Se extinguían, pero surgieron de un rescoldo agitado, de
donde surgen cosas que hace poco juzgábamos vetustas y hasta rancias, y ahora
llamamos tradicionales (la semana santa, los juegos florales, las mascaradas…).
Cierto es que, pese a los esfuerzos de muchos, sucede lo que en tantas
celebraciones ancestrales: se han convertido en un producto de consumo
estandarizado que responde, doquiera, a idénticos patrones. La misma mecánica,
la misma música, las mismas bebidas y comportamientos, los mismos rostros,
gestos, actitudes… Uno acaba por no saber dónde está hasta que pregunta al
retén de la Guardia civil que le manda parar a la salida del pueblo, en la
penumbra del amanecer.
En septiembre, la carretera discurrirá entre las casas bajo
sartas de pequeñas
banderas de colores desvaídos, y los coches agitarán levemente las trizas de
aquellos anuncios fosforescentes aún adheridas con celofán a las señales de
tráfico. Y, tal vez, al conductor se le ocurra tararear alguna canción de las
fiestas de su pueblo: “Un
poco más de rollo, nene, no vendría mal: si no estoy colocado, no puedo tocar.

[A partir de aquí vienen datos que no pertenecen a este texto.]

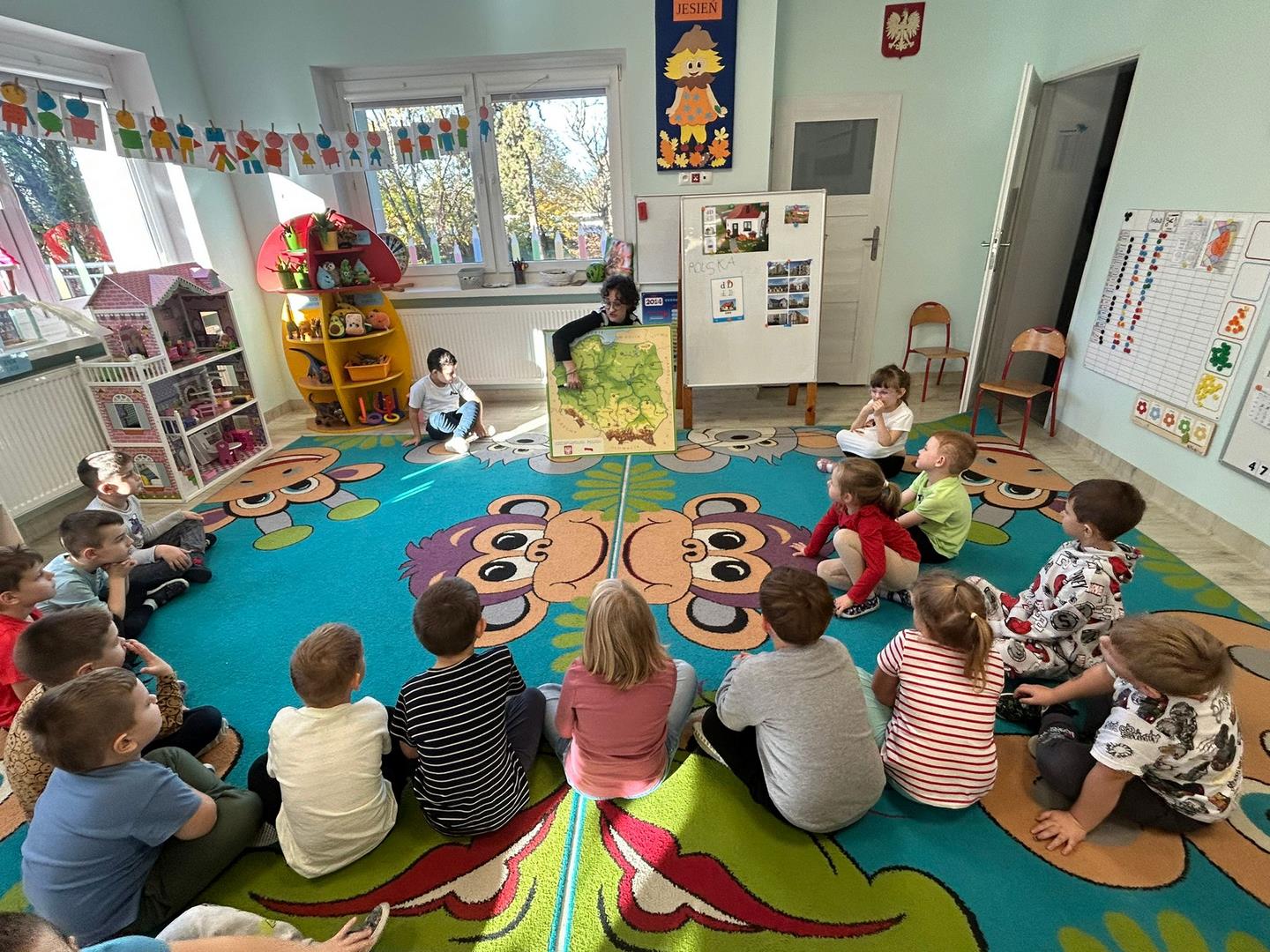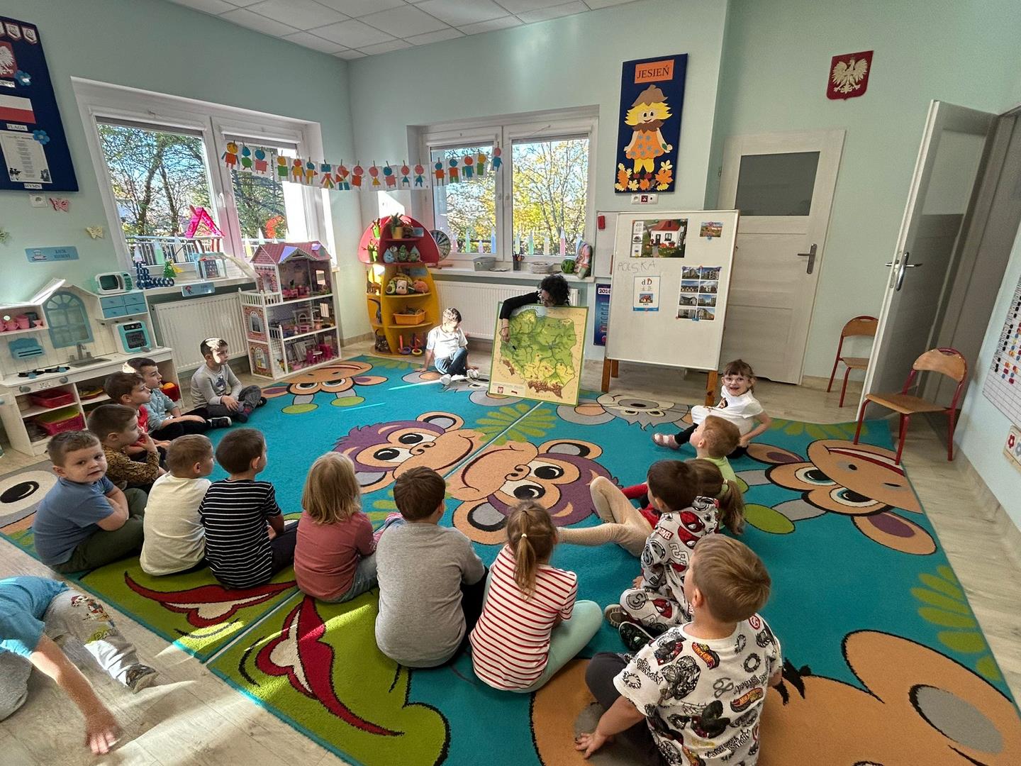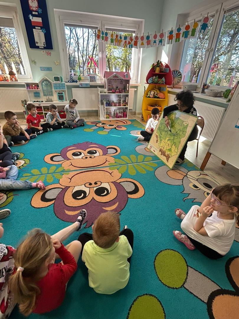 W naszej grupie odbywają się zajęcia dotyczące Polski. Dzieci poznały historię związaną z dniem 11 listopada. Pani pokazywała dzieciom na mapie, gdzie znajdują się góry, morze, niziny i wyżyny, a także opowiadała o naszych sąsiadach. Przedszkolaki z dużym zainteresowaniem słuchały i wskazywały poznane miejsca na mapie. Na zakończenie zajęć dzieci wykonały pracę plastyczną – pomalowały tekturowe liście w barwach biało-czerwonych, nawiązując do flagi naszego państwa. Zdobią naszą salę i przypominają nam, że jesteśmy patriotami i musimy pamiętać o wszystkich, którzy oddali życie za nasz kraj.
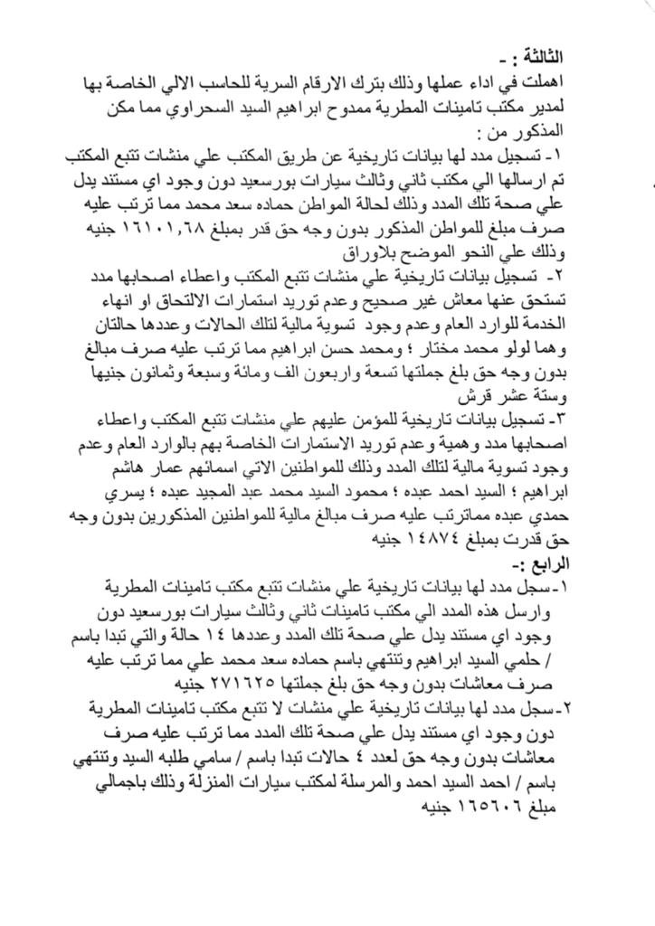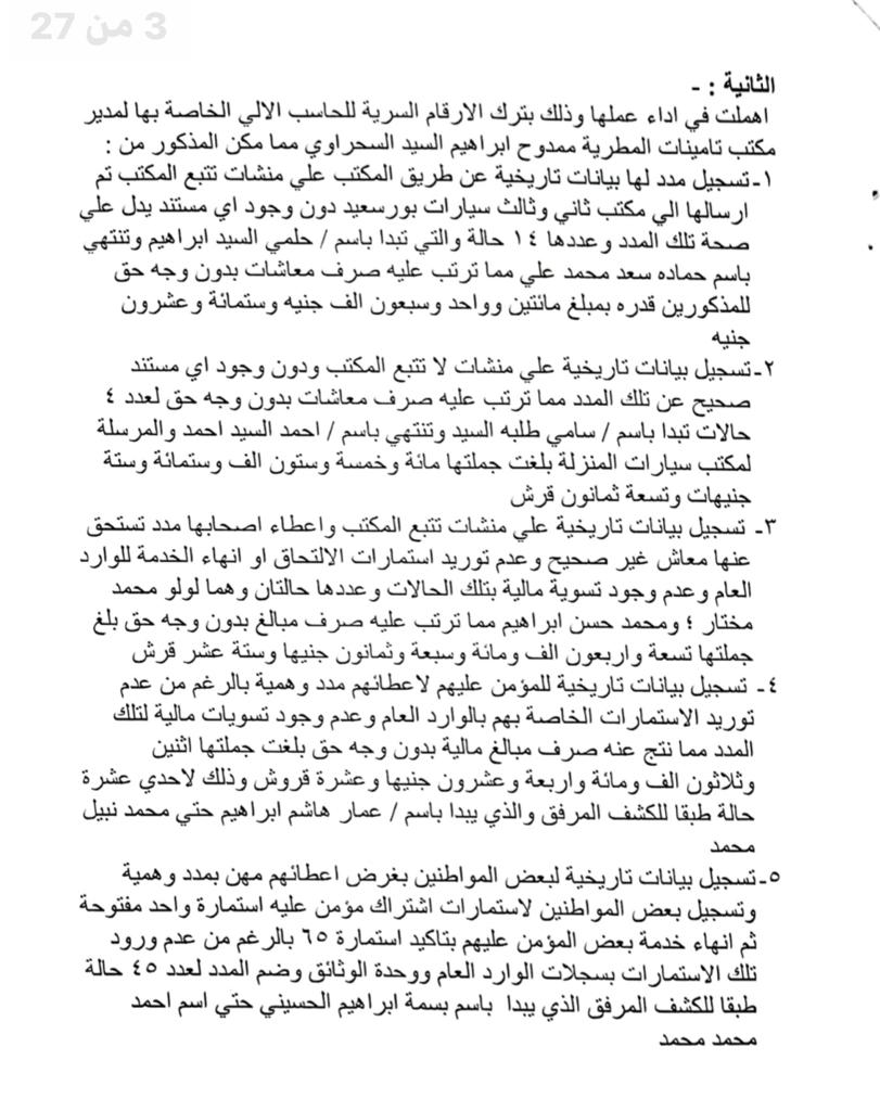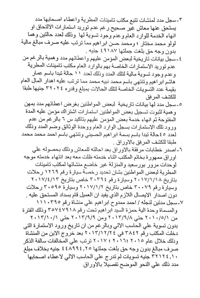كما سجل بيانات على منشأت لا تتبع المكتب ودون أي وجود مستند صحيح عن تلك المدد مما ترتب عليه صرف معاشات لعدد 4 حالات والمرسلة لمكتب سيارات المنزلة بلغت جملتها 165 ألف جنيه، بالإضافة إلى تسجيل بيانات تاريخية لحالات 5 مواطنين، بقصد إعطائهم مدد وهمية رغم عدم توريد الإستمارات الخاصة بهم بالوارد العام للمكتب، فضلًا عن عدم وجود تسوية مالية لتلك المدد مما ترتب عليه إهدار المال العام.

El rock está en mi cuerpo, y a mí me hace vibrar, saltar y desmadrarme, me
puedo liberar. Si el rock esta en tu cuerpo, salgamos a bailar…”
(Publicado el 19/8/2017 en La Nueva Crónica de Léon, en una serie
estival llamada "Extinto de verano": http://www.lanuevacronica.com/rock-and-roll-en-la-plaza-del-pueblo)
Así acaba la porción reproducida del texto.